- _Your instructions_: After locating the line with "飞行进入出舱活动段后,01号" below, output it and each following line exactly, stopping after the line with "fekete-fehér diafilm oktatófilm". No pictures.

- _Extracted records_:
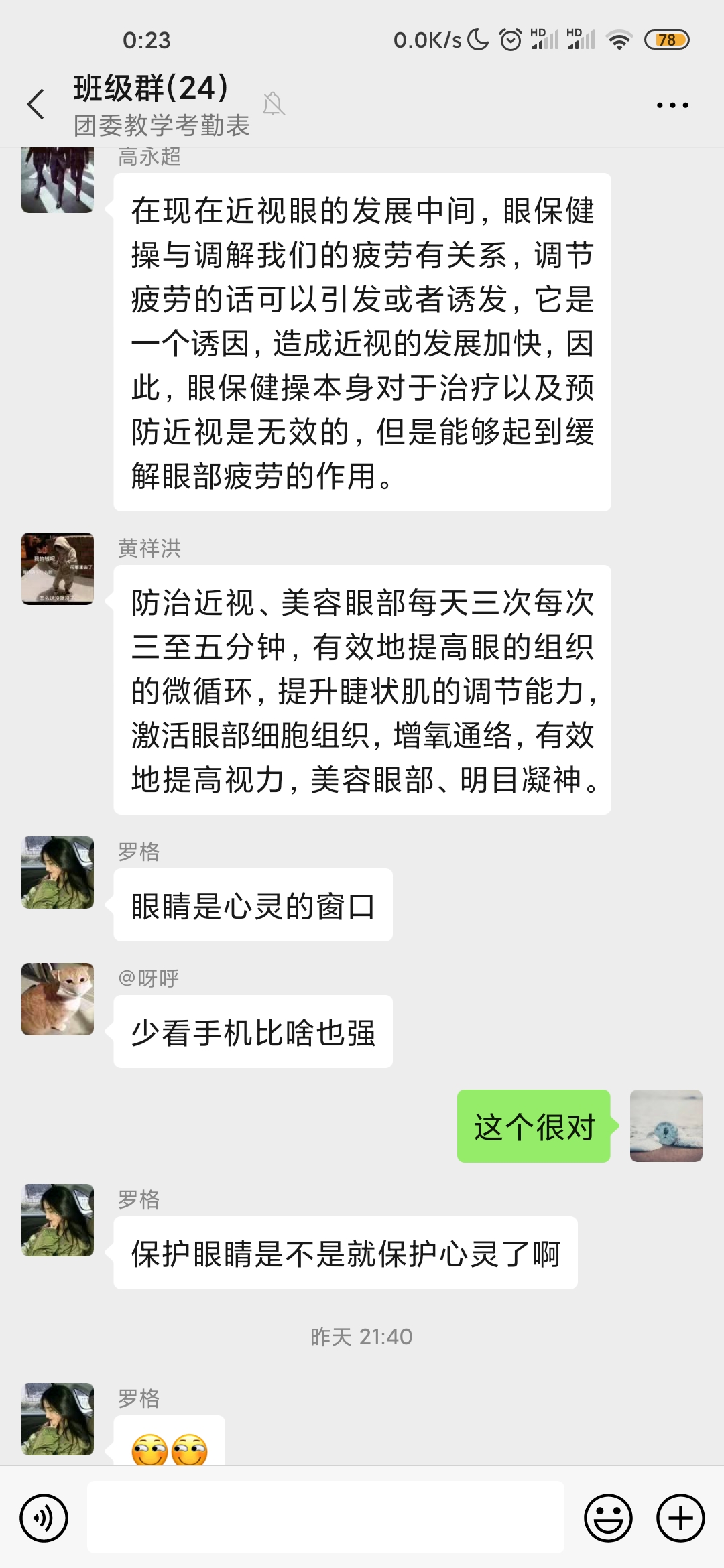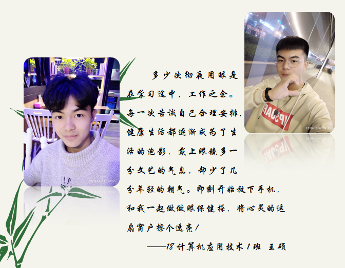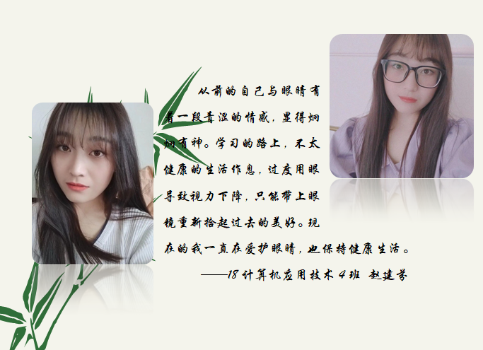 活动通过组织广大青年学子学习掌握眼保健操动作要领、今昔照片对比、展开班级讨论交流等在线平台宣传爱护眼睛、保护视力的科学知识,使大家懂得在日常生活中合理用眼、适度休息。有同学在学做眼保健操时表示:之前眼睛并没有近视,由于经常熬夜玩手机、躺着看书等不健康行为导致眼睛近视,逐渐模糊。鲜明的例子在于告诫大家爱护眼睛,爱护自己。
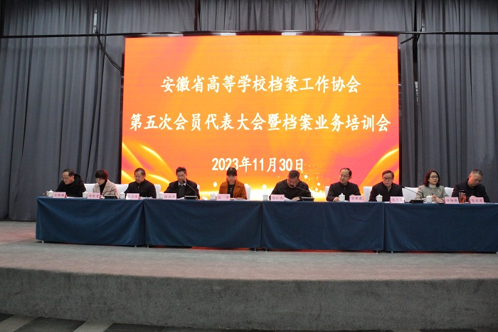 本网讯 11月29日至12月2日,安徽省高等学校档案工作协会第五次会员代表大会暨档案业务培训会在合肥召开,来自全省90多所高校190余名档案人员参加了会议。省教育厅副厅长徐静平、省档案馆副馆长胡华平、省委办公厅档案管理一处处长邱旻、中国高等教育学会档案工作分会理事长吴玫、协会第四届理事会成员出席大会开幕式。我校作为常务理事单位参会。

...

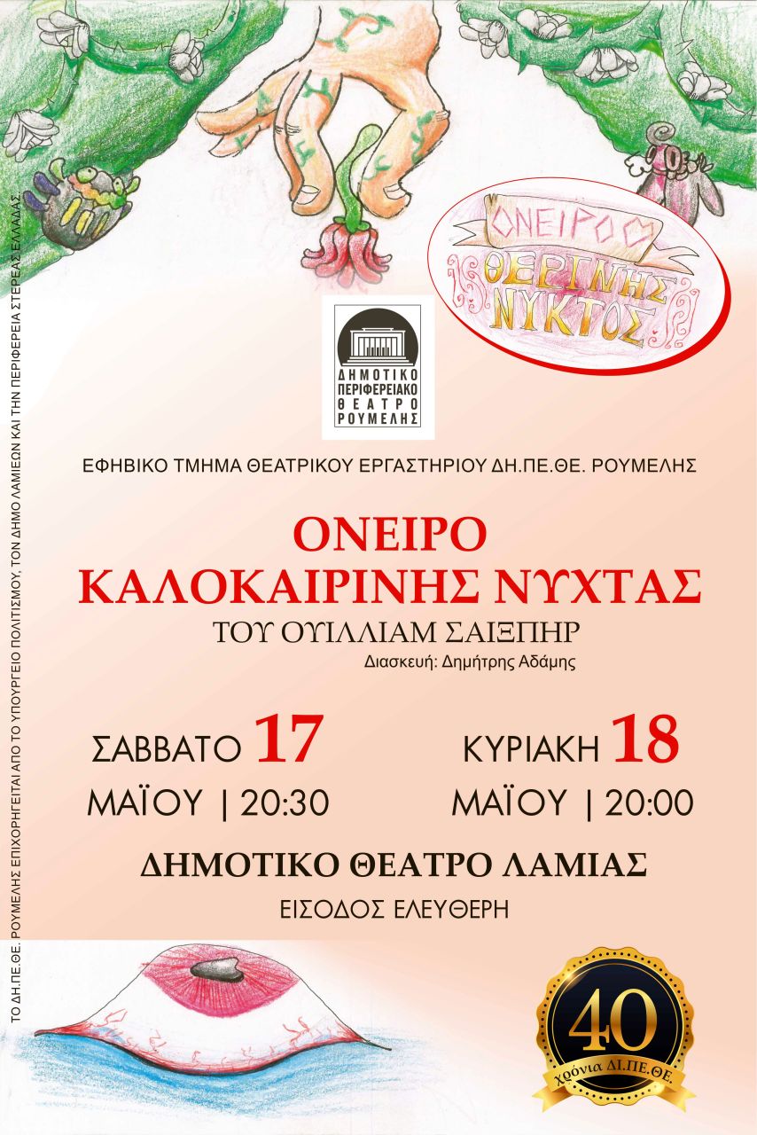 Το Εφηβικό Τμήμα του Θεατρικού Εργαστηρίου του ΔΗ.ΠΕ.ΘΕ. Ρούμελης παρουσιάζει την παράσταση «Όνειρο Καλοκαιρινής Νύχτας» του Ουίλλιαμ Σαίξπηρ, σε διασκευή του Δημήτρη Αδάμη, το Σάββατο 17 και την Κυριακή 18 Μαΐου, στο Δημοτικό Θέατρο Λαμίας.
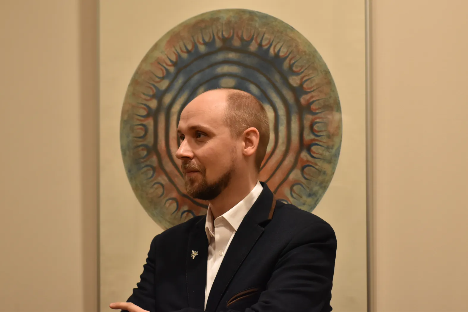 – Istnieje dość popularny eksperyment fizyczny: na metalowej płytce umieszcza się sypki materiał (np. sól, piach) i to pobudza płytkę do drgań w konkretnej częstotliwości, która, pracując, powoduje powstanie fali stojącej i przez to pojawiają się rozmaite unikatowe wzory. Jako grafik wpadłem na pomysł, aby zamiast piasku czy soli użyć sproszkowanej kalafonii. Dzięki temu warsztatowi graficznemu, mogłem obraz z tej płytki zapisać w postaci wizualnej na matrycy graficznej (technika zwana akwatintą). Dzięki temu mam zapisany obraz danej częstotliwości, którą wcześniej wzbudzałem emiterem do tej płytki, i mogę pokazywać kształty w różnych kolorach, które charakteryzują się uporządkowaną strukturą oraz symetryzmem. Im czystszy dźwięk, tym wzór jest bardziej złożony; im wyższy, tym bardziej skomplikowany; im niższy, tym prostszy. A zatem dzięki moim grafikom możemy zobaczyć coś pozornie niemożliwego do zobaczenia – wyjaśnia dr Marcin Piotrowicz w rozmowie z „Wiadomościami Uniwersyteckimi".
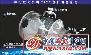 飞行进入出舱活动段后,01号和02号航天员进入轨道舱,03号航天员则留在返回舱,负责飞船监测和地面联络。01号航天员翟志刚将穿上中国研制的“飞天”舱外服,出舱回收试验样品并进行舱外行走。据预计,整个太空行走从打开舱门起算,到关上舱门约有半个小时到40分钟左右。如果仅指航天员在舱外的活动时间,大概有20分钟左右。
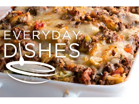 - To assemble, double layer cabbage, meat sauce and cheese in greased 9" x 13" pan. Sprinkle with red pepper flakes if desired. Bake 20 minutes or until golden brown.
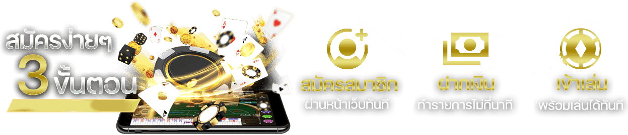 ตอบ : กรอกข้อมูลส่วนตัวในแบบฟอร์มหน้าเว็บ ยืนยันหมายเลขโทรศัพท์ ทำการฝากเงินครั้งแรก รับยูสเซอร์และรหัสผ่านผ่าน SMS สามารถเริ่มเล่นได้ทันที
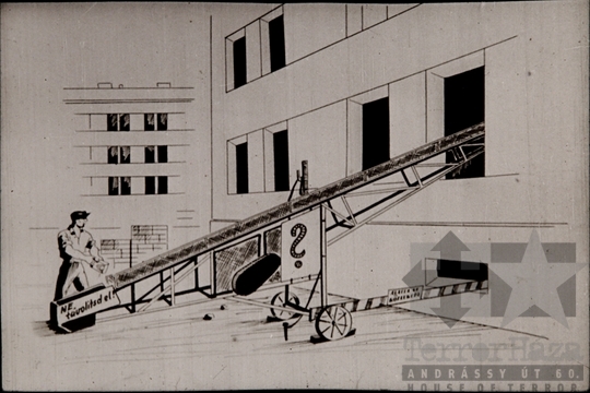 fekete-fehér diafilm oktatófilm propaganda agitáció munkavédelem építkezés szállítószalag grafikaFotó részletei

- _Solved exercise_:
 飞行进入出舱活动段后,01号和02号航天员进入轨道舱,03号航天员则留在返回舱,负责飞船监测和地面联络。01号航天员翟志刚将穿上中国研制的“飞天”舱外服,出舱回收试验样品并进行舱外行走。据预计,整个太空行走从打开舱门起算,到关上舱门约有半个小时到40分钟左右。如果仅指航天员在舱外的活动时间,大概有20分钟左右。
 - To assemble, double layer cabbage, meat sauce and cheese in greased 9" x 13" pan. Sprinkle with red pepper flakes if desired. Bake 20 minutes or until golden brown.
 ตอบ : กรอกข้อมูลส่วนตัวในแบบฟอร์มหน้าเว็บ ยืนยันหมายเลขโทรศัพท์ ทำการฝากเงินครั้งแรก รับยูสเซอร์และรหัสผ่านผ่าน SMS สามารถเริ่มเล่นได้ทันที
 fekete-fehér diafilm oktatófilm propaganda agitáció munkavédelem építkezés szállítószalag grafikaFotó részletei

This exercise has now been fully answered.